We do. Really. But put yourself in our shoes for a minute and see if you wouldn't bitch too. Think about it. The population here is something like 8 million people. At least half of those are clueless jerks who think the place exists solely for them and nobody else counts.
And I'll admit that tourists pump lots of money into our economy, but can't they just send a check and stay in Omaha? Why must they impede my progress down the sidewalk.
I'm not alone in my disdain for the native assholes and the ignorant visitors. Peruse some of the threads on Brooklyian.com and you'll find that lots of my neighbors are pissed off and have plenty of time to tell you about it. Here are a few random things you just need to stop doing right now!
1. Golf Umbrellas
They're called golf umbrellas for a really good reason. They belong on a golf course or some other place with a population density of 1 person per 200 square yards. When you walk down a NYC sidewalk with one of these huge things, there isn't room for anyone else.
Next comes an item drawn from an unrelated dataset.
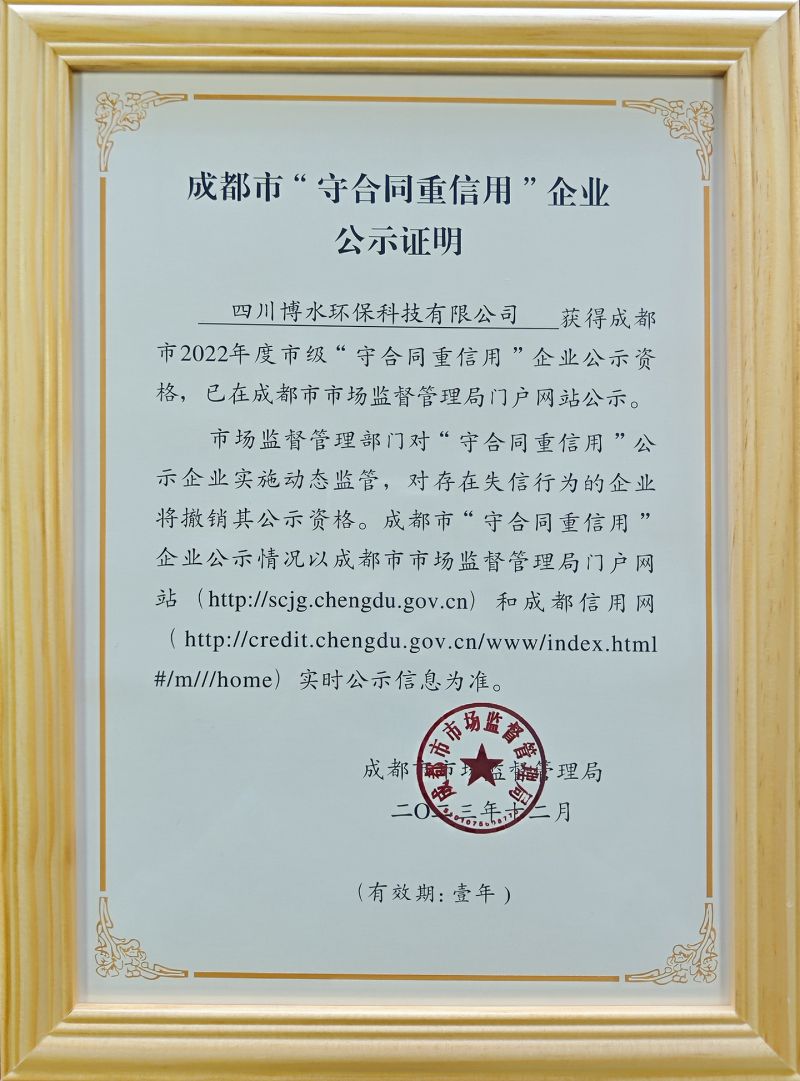 榮獲: 成都市“守合同重信用”企業(yè)

And God forbid, you raise it or tilt it when you walk by me. Nooooooo. It's my fucking job to get out of the way or get poked in the eye so you can stay dry.
2. Baby Strollers
I'm glad you have a baby or two...or three. Yay for you. But guess what. The aisles in the grocery store, the book store and pretty much everywhere else you can imagine were not designed for you and your massive multiple baby conveyance. You are in everyone else's way. If you must take your big-ass stroller with you when you go shopping, how about taking along a friend who can stand out on the sidewalk so you don't need to take your Mack Truck of a stroller into the store. And when you ingnore this request, how about if you at least refrain from leaving the damned thing in the dead-center of the aisle while you trot off to grab whatever you missed in the previous aisle.
Move your ass. Really! This rule has a few parts. First, I get to use the sidewalk too. This means that just because you want to walk three abreast and gawk at the tall buildings doesn't mean it's my job to get out of your way. I'm already walking all the way at the edge of the sidewalk...make some room. (And if I'm behind you, I'm actually going somewhere...I'd like to get there today.)
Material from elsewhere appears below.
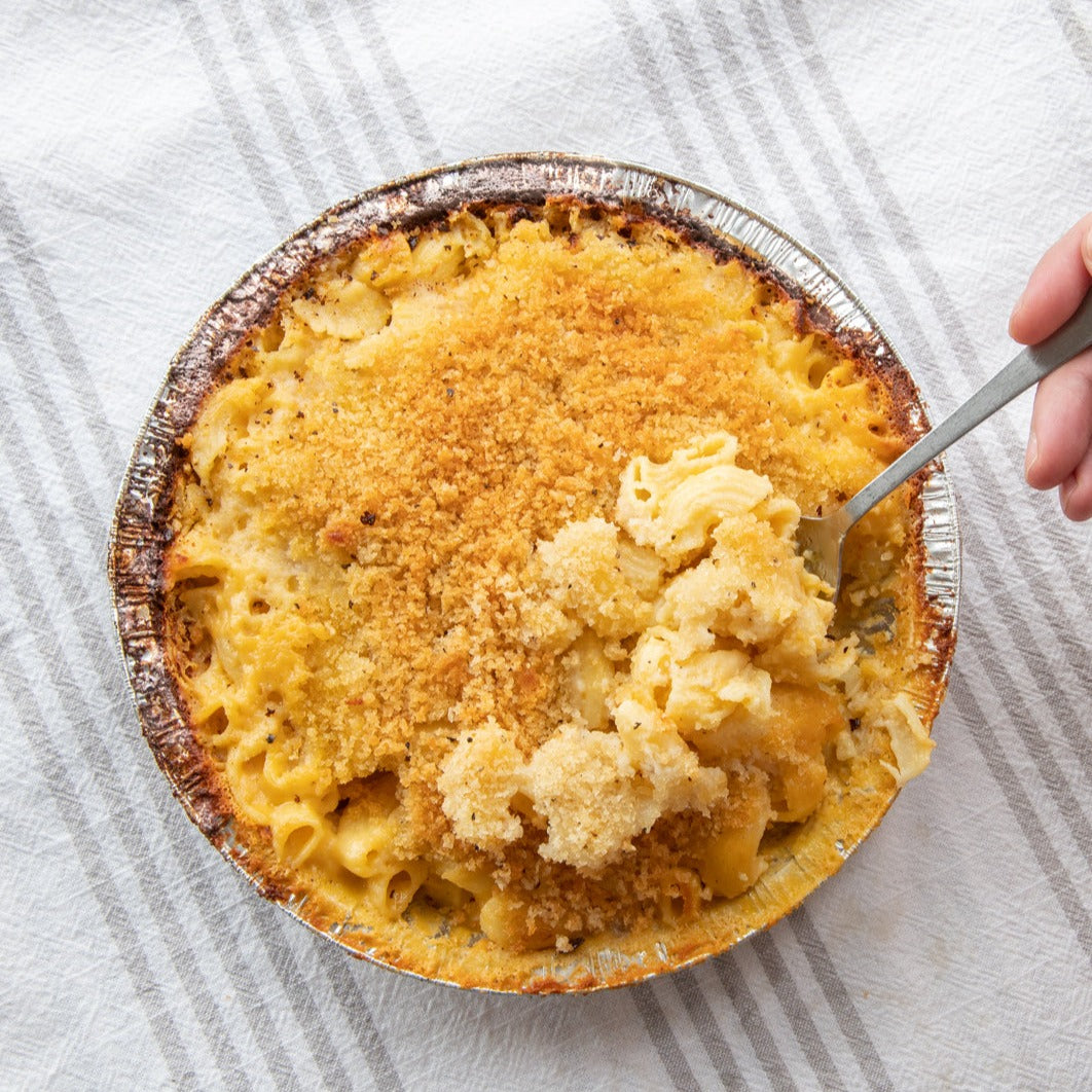 (FROZEN) Our famous homemade mac & cheese! Giant elbow macaroni, white cheddar, cream cheese, and Velveeta topped with panko breadcrumbs.

Second, those "Walk/Don't Walk" signs? They're just a suggestion. If you plan to take them literally, stay on the sidewalk and get out of the way of the rest of us. We tend to look at the traffic and cross the street when there's enough of a gap to get to the other side. (Or even when there's not enough of a gap, but we figure the cars aren't going to just drive over us. Note: This is a rule that changes depending on whether we're being pedestrians or motorists at the moment.)
4. Cell Phones
Feel free to babble as loud as you like on the street. Once you step into a store, theater or bus, shut the fuck up. I don't know you. I'm sure I wouldn't like you if we were introduced. I don't want to hear any of the details of your life. (Those of you having loud conversations without the benefit of owning a cell phone or being with anyone else are excused from this rule. Crazy people add color to the city.)
I reserve the right to bitch about anything that's annoying me at the moment. You, however, should just stop whining. You're annoying me.